The World Health Organization (WHO) on Tuesday warned the Covid pandemic was still volatile, saying there could be further trouble before the virus settles into a predictable pattern.

In the last 28 days, more than 23,000 deaths and three million new cases have been reported to WHO, in the context of much-reduced testing.

While the numbers are decreasing, "that's still a lot of people dying and that's still a lot of people getting sick", WHO emergencies director Michael Ryan told a press conference.

He said respiratory viruses do not pass from a pandemic to an endemic phase, but instead move to low levels of activity with potentially seasonal epidemic peaks.

"We don't turn off a pandemic switch," said Ryan.

"It's much more likely that we're going to see... a bumpy road to a more predictable pattern."

WHO's emergency committee on Covid-19 meets every three months and is due to assemble in early May.

As at its previous meetings, it will decide whether the virus still constitutes a public health emergency of international concern (PHEIC) – the highest level of alert that the UN health agency can sound.

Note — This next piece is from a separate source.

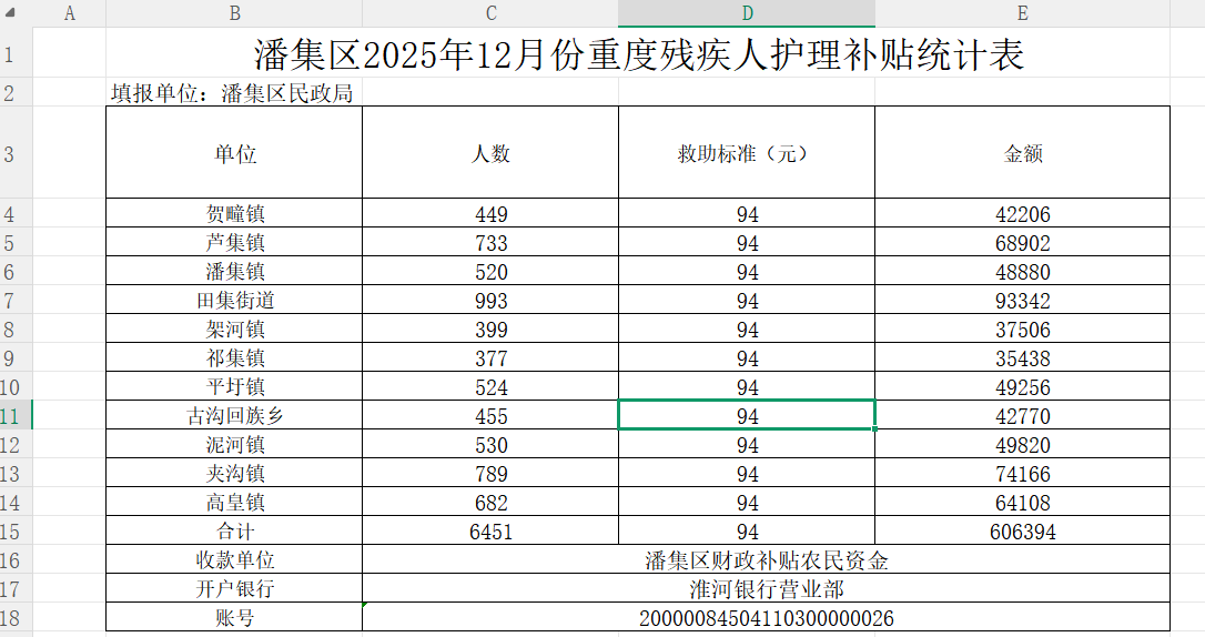 潘集区2025年12月份重度残疾人护理补贴发放审批表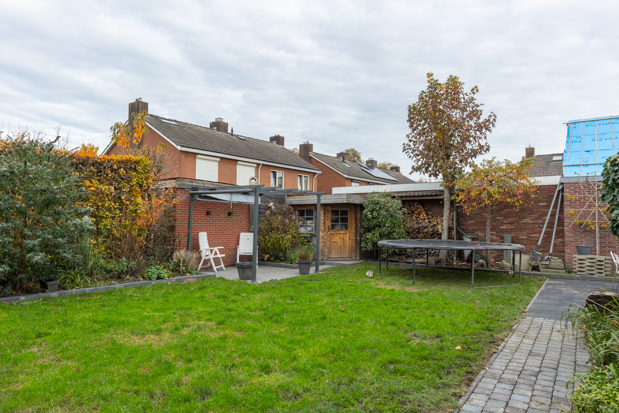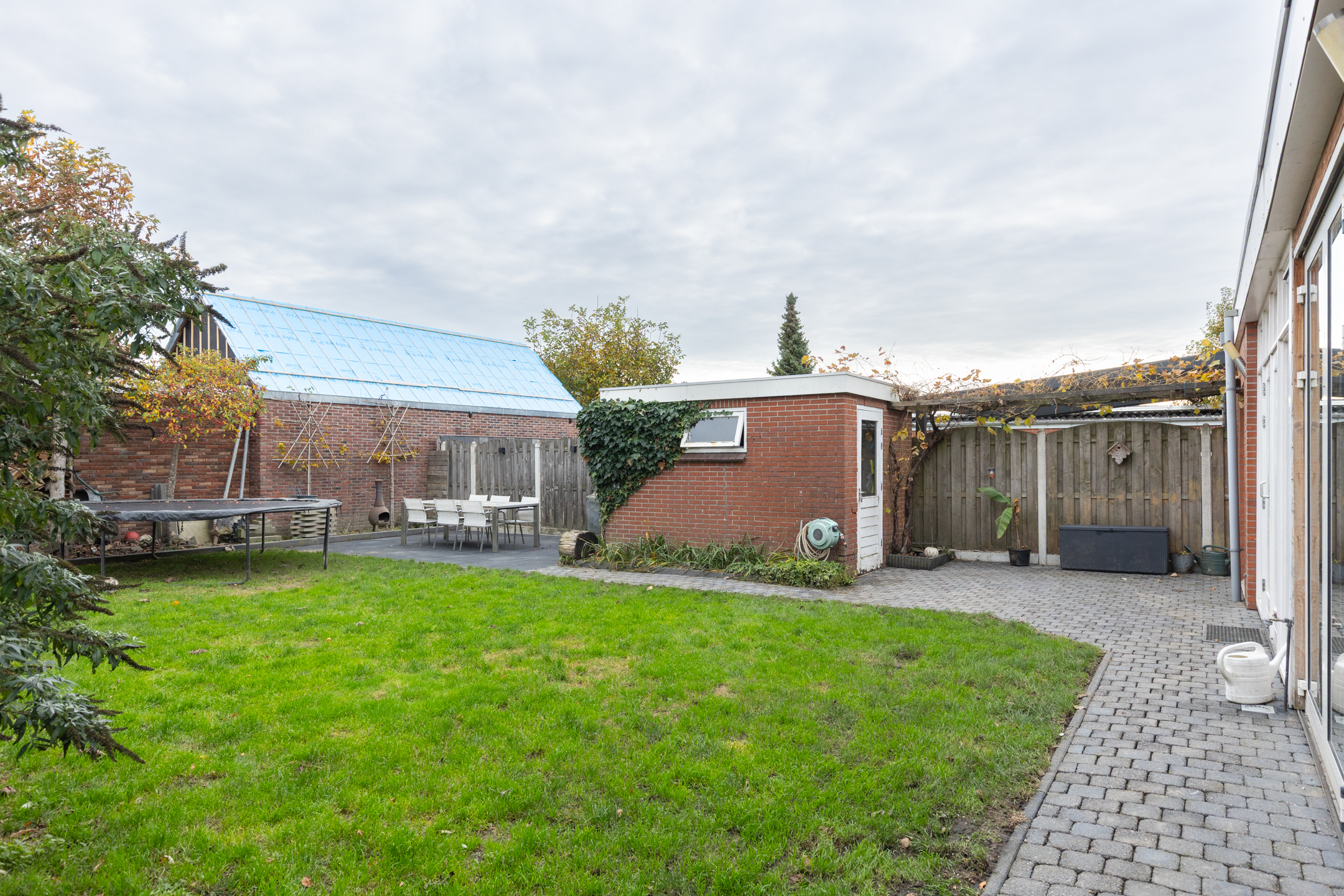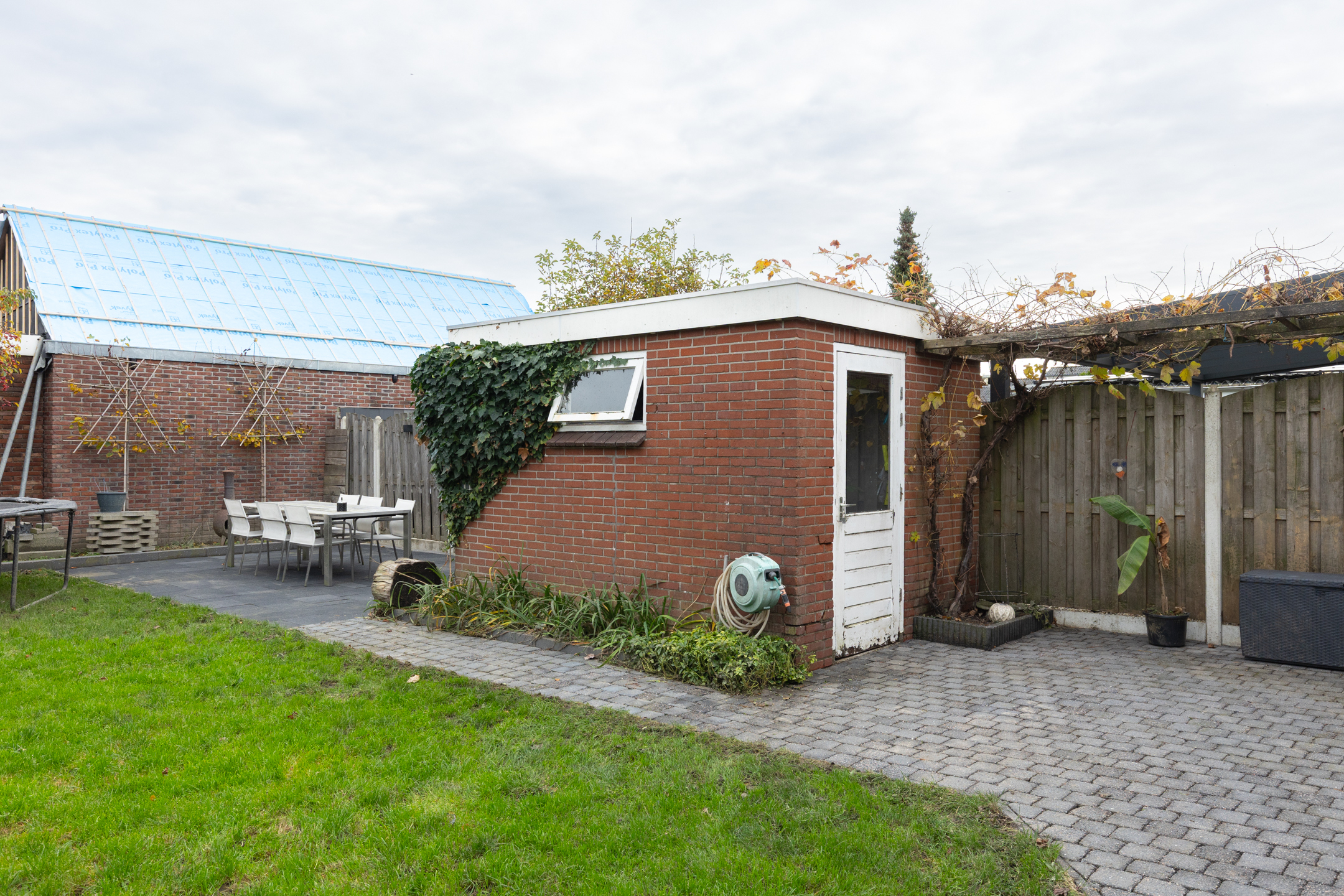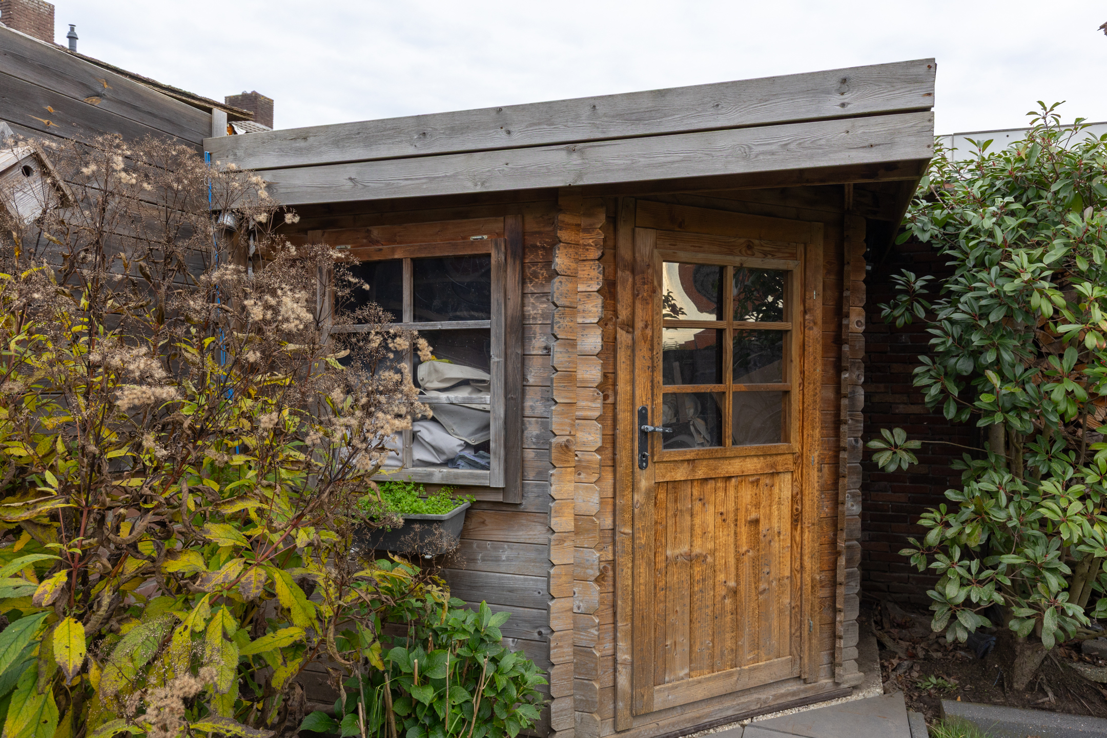 De achtertuin biedt veel privacy en beschikt over een vrijstaand stenen schuurtje en een houten berging voor tuingereedschap en een gezellig zitje.

WHO declared Covid-19 a PHEIC on Jan 30, 2020, when there were fewer than 100 cases and no deaths outside China.

But it was not until WHO chief Tedros Adhanom Ghebreyesus described the situation as a pandemic in March 2020 that the world jolted into action.

Ryan said the virus would not be eliminated and would, like influenza, still cause significant respiratory disease in vulnerable people.

Some countries still have large populations of highly vulnerable people who are unvaccinated, he said, while in others Covid is no longer an emergency event.

The Covid-19 committee presents its advice to Tedros – who has the final say – on whether the virus still constitutes a PHEIC.

"I would hope that as the emergency committee meets in May, they will have further positive advice to give Dr Tedros around their assessment of the trajectory of the pandemic and the existence or not of a PHEIC," said Ryan.